0.9 g of polylactic acid (MW: 2000 Da, Boehringer Ingelheim) and 100 mg of rifampicin dissolved in 5 ml of ethyl acetate (solution A). To 54 ml 1% polyvinyl alcohol solution (MW: 100,000 Da) 6 ml of ethyl acetate are added with stirring at 800 rpm (solution B). Solution A will added to solution B with stirring at 800 rpm. 200 ml of water are at 500 rpm (IKA, Eurostar) stirred. The ethyl acetate emulsion is dropped into the water with stirring and stirred overnight. The particles are filtered, washed with water and freeze-dried.

For amino functionalization, the particles are coated with polymethacrylic acid. To 600 mg of the particles obtained are resuspended in 25 ml of water. After adding 50 mg Sodium dodecyl sulfate, the suspension is rotated in a rotary evaporator for 1 hour. Then 120 ul methacrylic acid, 12 ul ethylene glycol dimethacrylate and 24 mg Potassium peroxydisulfate added. The surface coating takes place while rotating at 65 ° C over night. After washing the particles with ethanol and water, the particles in 10 ml Water resuspended.

For amino functionalization, 100 mg EDC and 54 mg are added to the aqueous particle suspension Sodium carbonate and. Given 66 mg of N-hydroxysuccinimide and at 2 hours Shaken at room temperature. After adding 60 µl of diethylenetriamine, the suspension shaken for a further 2 hours at room temperature. After that, the particles with water washed and freeze-dried. 560 mg of amino-functionalized rifampicin Get polylactic acid microcapsules.

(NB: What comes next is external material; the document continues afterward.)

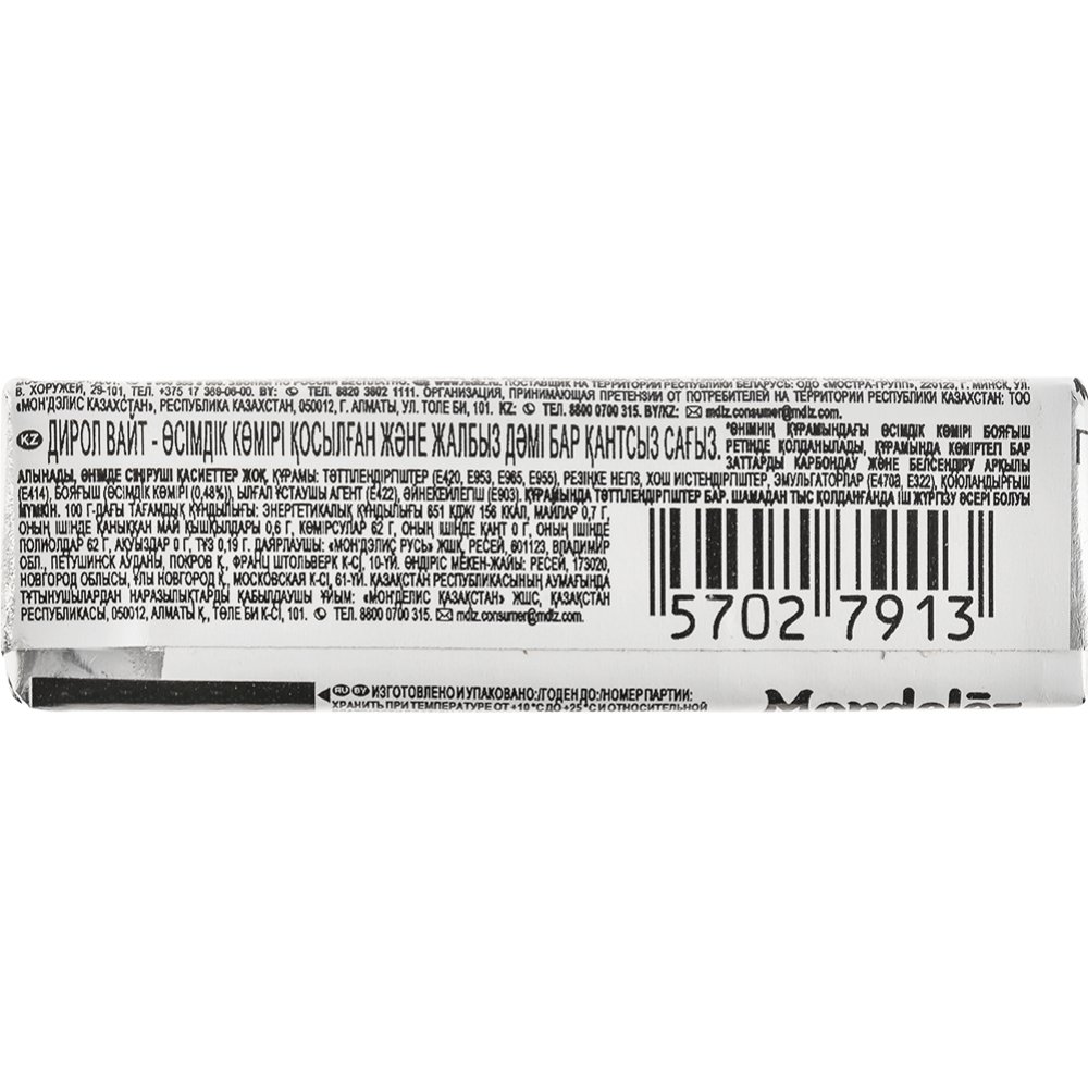 Состав | подсластители (Е420, Е953, Е965, Е955), резиновая основа, ароматизаторы, эмульгаторы (Е470а, Е322), загуститель (Е414), краситель (уголь растительный (0,48%)), агент влагоудерживающий (Е422), глазирователь (Е903). |

B. Epoxy modification of the polyurethane surface

A 4 cm length of PUR tubing is filled with 4 ml of hexamethylene diisocyanate / petroleum ether (1: 4) swirled at room temperature for three days, once with 4 ml Washed n-hexane and dried in vacuo at room temperature for 3 h. Then will swirled the PUR hose section with 4 ml of water overnight at room temperature (Gas evolution) and washed once with 10 ml of water. The incubation with water will Repeated two more times and the PUR hose section then in a vacuum Room temperature dried for 3 hours. Then the tube section with 4 ml Polyethylene glycol diglycidyl ether / petroleum ether (1: 4) with swirling overnight Reacted and washed once with 4 ml of n-hexane.

C. Immobilization of the active ingredient-containing microcapsules on the polyurethane surface

The functionalized tube section is in 4 ml of petroleum ether, the 100 mg of rifampizine-PLA Contains microcapsules, swirled at room temperature overnight. The hose section is washed once with 4 ml of n-hexane and in vacuo at room temperature for 3 h dried.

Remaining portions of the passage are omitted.